With the pictures left out, restate exactly the part below that opens with the line containing "El cupo es limitado" and closes with the line containing "4) Lessa le".

───── EXTRACTED RECORDS ─────

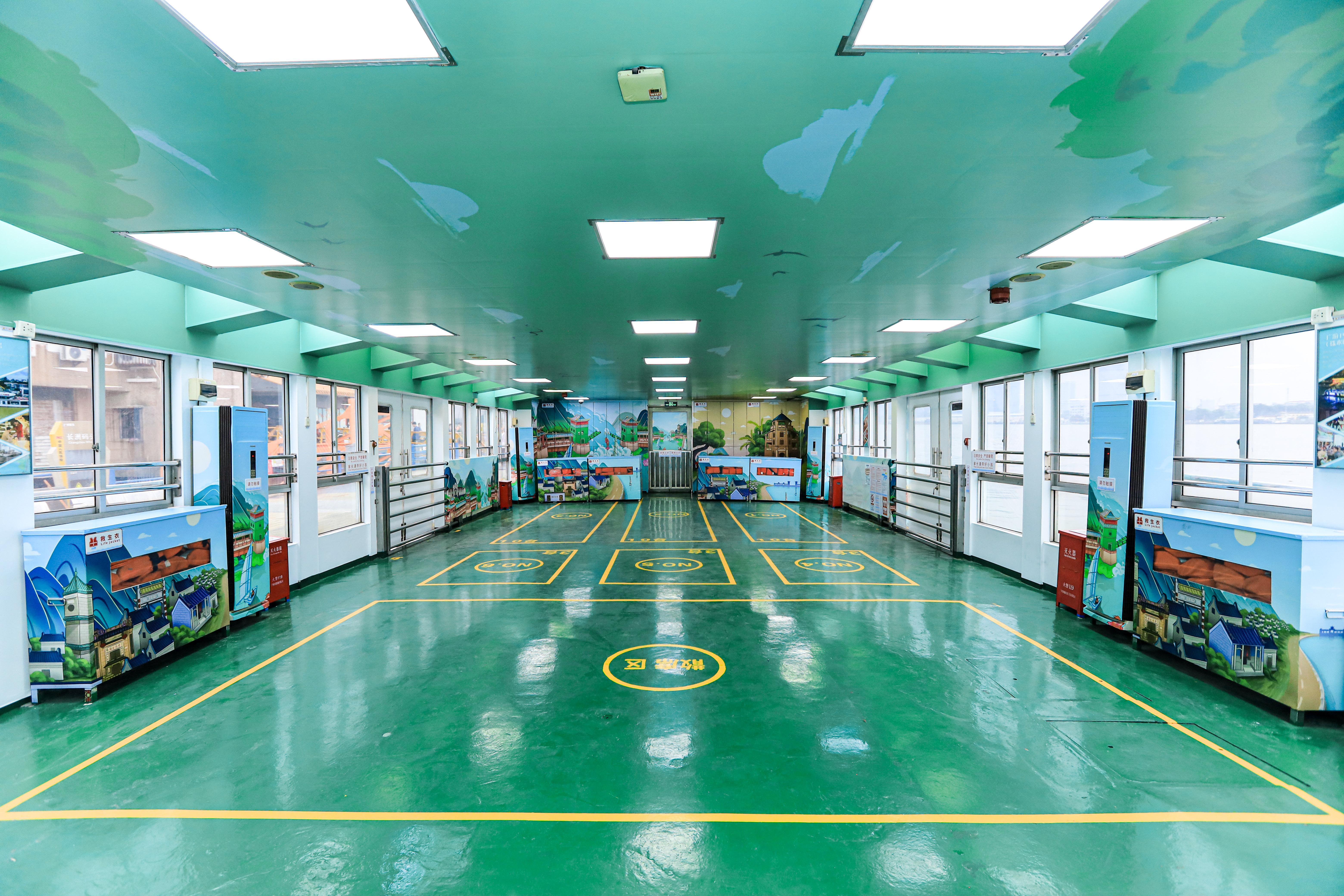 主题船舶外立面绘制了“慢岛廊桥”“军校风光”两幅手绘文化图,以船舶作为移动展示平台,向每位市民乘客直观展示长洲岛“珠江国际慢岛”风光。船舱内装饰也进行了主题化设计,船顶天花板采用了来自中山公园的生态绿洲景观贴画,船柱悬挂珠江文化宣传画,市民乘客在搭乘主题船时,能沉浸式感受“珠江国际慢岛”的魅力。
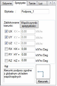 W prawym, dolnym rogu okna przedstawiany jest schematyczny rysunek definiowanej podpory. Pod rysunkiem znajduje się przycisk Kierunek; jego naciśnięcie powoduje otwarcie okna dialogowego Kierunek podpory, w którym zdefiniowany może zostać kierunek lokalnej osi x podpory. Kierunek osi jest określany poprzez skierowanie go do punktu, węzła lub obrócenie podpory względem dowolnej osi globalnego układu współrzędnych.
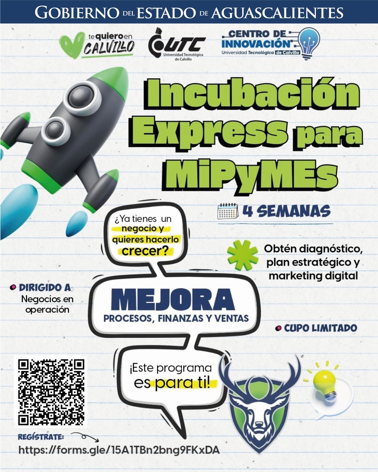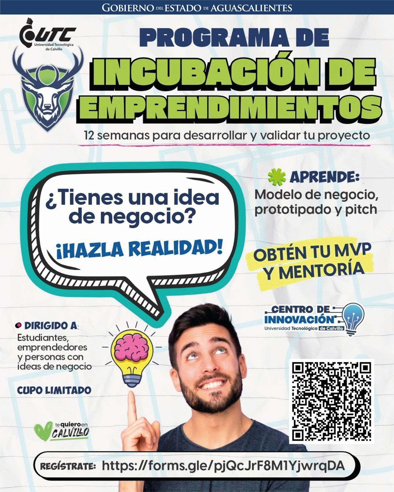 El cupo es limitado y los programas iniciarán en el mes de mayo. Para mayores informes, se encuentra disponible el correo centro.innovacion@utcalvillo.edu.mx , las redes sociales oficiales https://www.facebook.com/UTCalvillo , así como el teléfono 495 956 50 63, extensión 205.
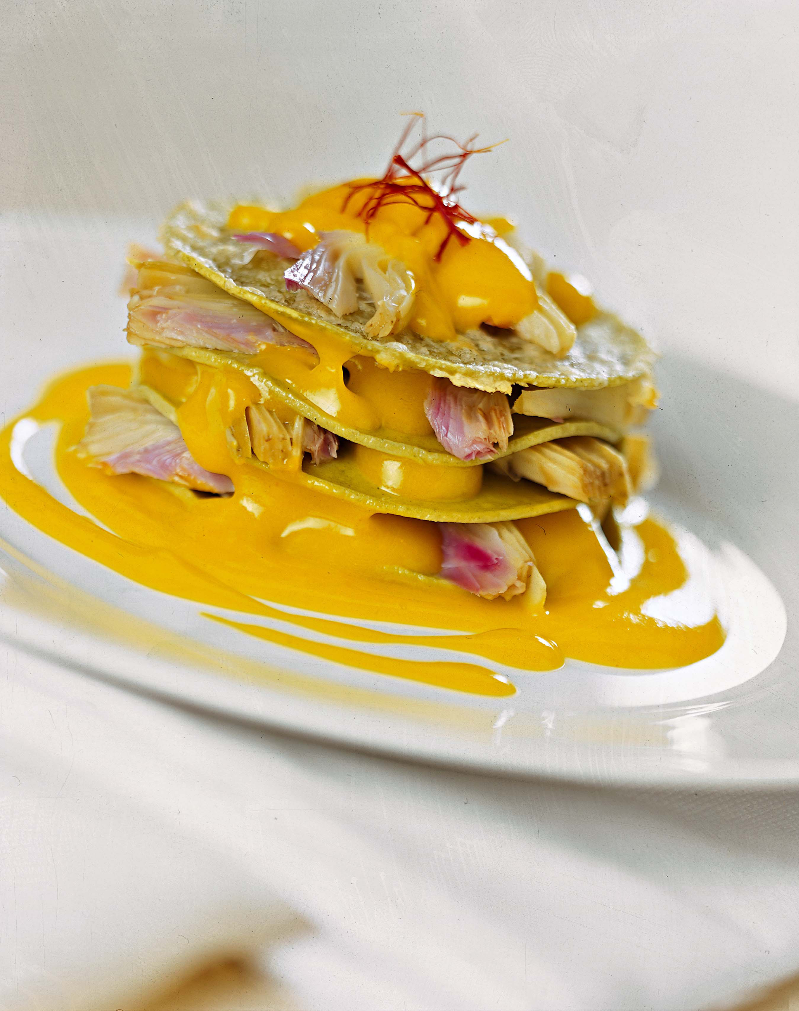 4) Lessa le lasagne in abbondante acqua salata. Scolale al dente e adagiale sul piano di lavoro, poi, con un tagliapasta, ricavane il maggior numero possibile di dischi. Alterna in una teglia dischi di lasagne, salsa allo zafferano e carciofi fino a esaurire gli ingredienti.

─────
───── EXTRACTED RECORDS ─────

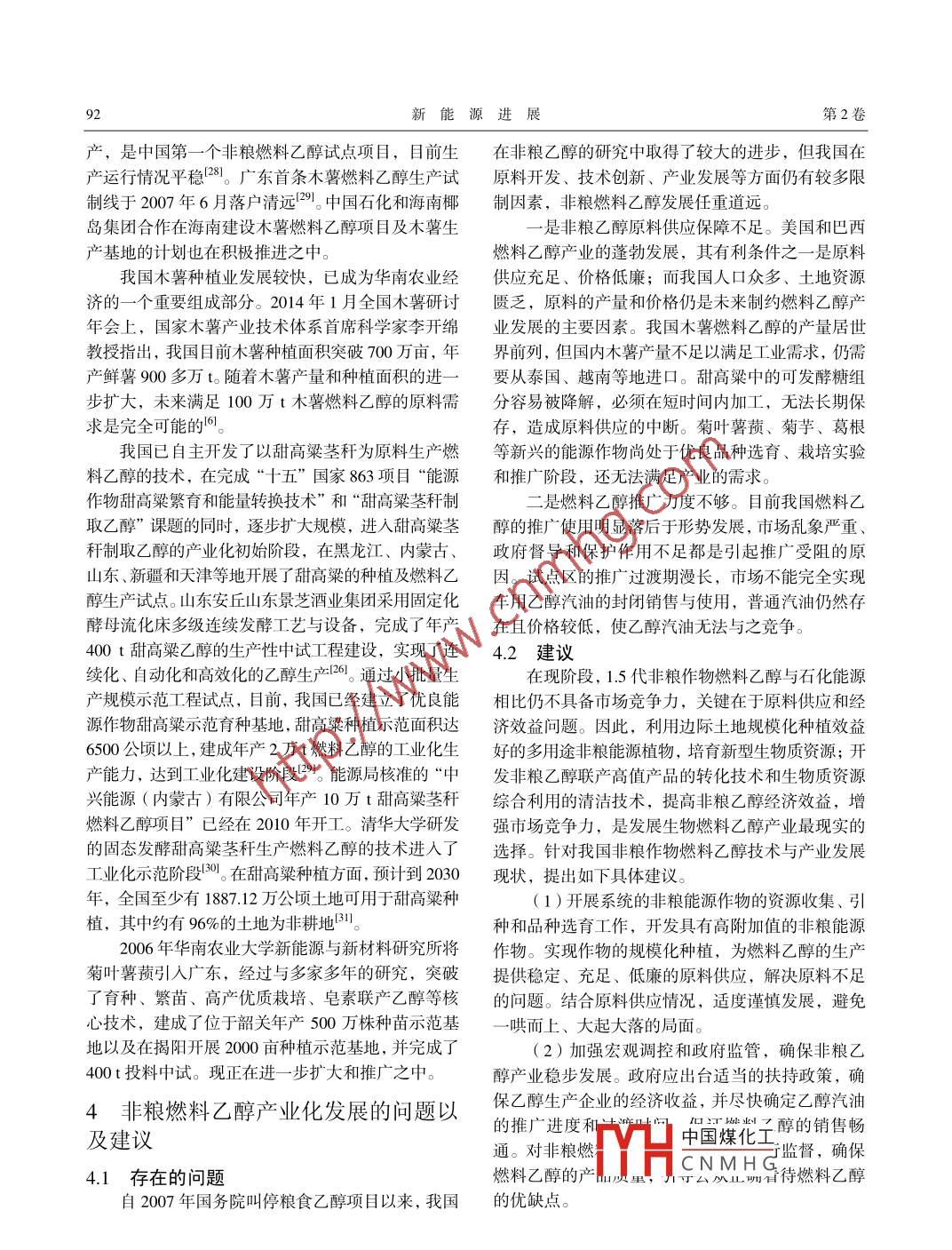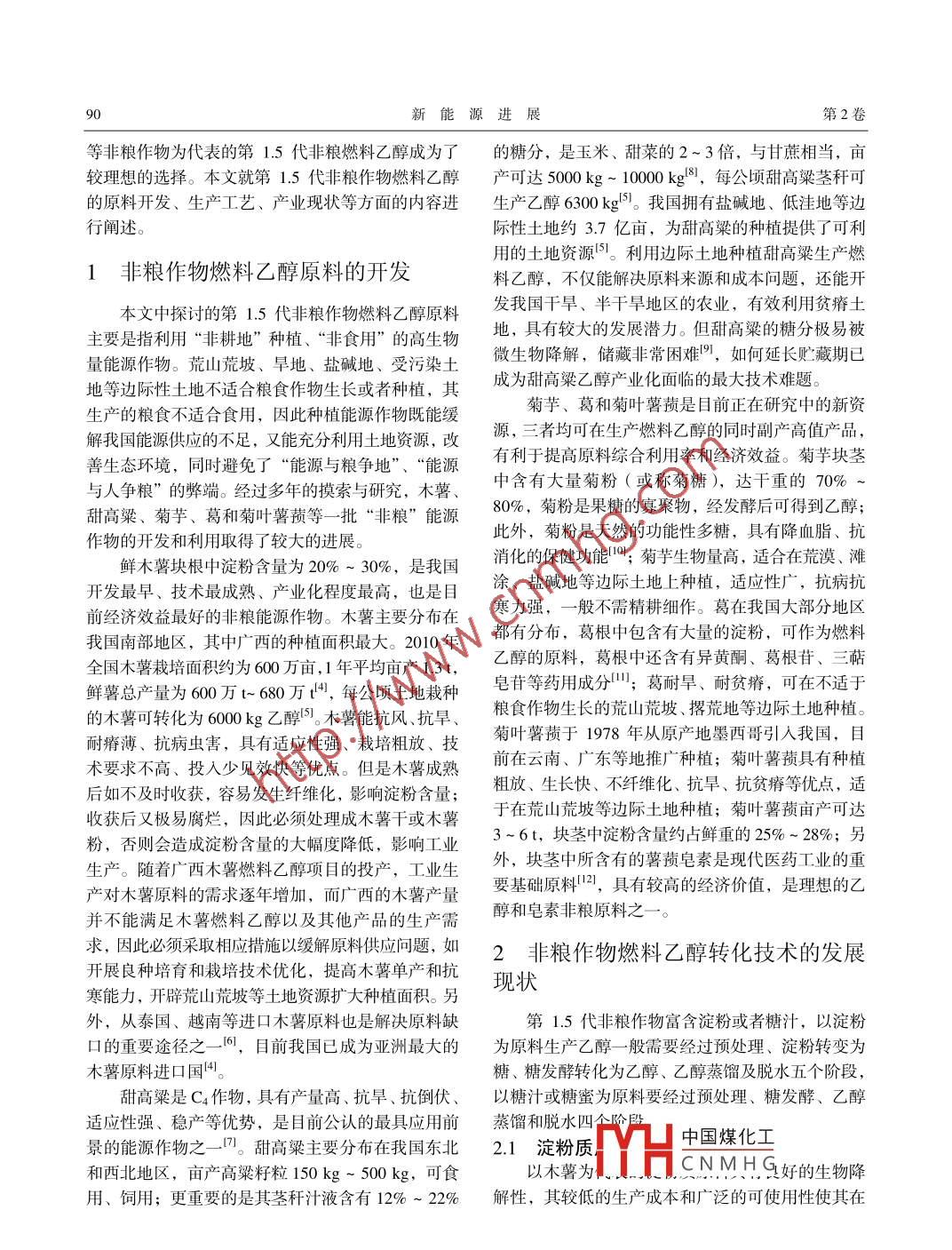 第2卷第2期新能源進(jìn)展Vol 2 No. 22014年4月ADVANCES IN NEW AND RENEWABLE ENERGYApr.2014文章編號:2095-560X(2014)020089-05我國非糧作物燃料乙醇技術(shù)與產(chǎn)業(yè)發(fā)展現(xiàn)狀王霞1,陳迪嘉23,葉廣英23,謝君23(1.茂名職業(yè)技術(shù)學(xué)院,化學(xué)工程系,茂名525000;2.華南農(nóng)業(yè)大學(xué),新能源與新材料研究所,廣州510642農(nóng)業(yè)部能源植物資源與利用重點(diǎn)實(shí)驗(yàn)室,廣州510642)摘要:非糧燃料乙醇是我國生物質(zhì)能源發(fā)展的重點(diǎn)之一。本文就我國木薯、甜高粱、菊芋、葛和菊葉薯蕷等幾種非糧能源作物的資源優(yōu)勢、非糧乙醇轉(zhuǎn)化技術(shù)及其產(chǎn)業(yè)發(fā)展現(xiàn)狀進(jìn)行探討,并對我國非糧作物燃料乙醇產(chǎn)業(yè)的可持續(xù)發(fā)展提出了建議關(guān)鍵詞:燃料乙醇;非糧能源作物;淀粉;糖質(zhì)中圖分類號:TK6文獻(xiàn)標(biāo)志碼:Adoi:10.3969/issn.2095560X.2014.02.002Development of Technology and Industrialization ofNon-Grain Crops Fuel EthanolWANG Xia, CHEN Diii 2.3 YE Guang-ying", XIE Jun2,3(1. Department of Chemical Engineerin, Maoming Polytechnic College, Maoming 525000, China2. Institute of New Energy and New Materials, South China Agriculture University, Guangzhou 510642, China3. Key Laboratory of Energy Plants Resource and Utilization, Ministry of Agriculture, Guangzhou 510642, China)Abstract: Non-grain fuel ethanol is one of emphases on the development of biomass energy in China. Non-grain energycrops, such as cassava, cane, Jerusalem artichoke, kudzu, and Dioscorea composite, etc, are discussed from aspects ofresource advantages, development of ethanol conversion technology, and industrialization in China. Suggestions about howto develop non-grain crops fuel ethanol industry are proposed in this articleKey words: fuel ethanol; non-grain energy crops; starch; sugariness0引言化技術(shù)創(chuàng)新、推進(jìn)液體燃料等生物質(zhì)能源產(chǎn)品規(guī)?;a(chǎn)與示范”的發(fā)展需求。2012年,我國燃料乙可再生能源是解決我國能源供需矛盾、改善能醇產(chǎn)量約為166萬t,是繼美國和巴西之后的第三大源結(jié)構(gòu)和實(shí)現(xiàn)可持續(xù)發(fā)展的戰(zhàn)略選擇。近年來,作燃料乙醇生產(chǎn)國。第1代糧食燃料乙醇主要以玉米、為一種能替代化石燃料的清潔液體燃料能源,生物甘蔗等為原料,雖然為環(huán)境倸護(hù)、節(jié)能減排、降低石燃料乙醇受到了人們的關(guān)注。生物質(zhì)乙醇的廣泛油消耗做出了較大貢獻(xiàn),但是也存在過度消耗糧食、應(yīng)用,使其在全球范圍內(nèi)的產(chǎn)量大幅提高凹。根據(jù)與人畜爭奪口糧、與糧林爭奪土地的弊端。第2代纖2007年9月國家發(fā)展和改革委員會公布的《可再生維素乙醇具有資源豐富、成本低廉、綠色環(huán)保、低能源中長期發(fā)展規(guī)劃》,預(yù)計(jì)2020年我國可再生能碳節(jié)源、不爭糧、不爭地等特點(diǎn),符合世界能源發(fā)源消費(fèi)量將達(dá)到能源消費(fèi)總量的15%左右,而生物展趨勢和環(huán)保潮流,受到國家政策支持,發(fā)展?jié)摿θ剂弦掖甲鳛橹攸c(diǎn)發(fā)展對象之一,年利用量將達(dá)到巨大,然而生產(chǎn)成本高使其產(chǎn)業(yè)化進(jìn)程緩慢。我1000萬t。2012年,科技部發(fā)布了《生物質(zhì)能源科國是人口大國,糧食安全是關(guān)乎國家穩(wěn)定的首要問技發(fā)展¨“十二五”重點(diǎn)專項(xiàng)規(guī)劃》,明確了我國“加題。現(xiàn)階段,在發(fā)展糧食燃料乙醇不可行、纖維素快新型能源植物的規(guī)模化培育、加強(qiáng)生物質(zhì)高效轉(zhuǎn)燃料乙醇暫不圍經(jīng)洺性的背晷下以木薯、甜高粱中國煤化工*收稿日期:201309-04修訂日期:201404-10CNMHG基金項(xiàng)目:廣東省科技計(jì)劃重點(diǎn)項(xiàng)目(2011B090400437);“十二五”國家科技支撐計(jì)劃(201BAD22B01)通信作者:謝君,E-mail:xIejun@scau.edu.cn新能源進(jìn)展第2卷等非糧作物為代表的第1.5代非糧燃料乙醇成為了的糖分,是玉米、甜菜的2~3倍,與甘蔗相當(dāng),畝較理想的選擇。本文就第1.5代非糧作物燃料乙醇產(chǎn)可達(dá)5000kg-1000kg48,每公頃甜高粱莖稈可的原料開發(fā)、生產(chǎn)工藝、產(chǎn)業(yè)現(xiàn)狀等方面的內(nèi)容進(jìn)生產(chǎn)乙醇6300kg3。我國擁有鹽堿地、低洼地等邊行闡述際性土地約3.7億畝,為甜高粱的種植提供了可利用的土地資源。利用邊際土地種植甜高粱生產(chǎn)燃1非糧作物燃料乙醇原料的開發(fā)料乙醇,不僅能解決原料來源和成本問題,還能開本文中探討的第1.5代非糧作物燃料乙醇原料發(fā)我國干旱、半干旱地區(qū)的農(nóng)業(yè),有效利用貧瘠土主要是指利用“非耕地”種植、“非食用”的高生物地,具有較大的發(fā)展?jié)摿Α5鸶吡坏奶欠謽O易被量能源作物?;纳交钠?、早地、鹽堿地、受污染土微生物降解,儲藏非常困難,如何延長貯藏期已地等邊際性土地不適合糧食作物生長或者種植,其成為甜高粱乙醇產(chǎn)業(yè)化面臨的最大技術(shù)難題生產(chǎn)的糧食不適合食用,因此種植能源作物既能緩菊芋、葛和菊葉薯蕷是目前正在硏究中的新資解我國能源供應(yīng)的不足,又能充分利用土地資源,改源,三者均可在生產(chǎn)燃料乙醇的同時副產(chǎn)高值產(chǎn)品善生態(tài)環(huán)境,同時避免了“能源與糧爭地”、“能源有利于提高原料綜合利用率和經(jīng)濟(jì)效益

─────

- **ANSWER TO THE PROBLEM**:
 El cupo es limitado y los programas iniciarán en el mes de mayo. Para mayores informes, se encuentra disponible el correo centro.innovacion@utcalvillo.edu.mx , las redes sociales oficiales https://www.facebook.com/UTCalvillo , así como el teléfono 495 956 50 63, extensión 205.
 4) Lessa le lasagne in abbondante acqua salata. Scolale al dente e adagiale sul piano di lavoro, poi, con un tagliapasta, ricavane il maggior numero possibile di dischi. Alterna in una teglia dischi di lasagne, salsa allo zafferano e carciofi fino a esaurire gli ingredienti.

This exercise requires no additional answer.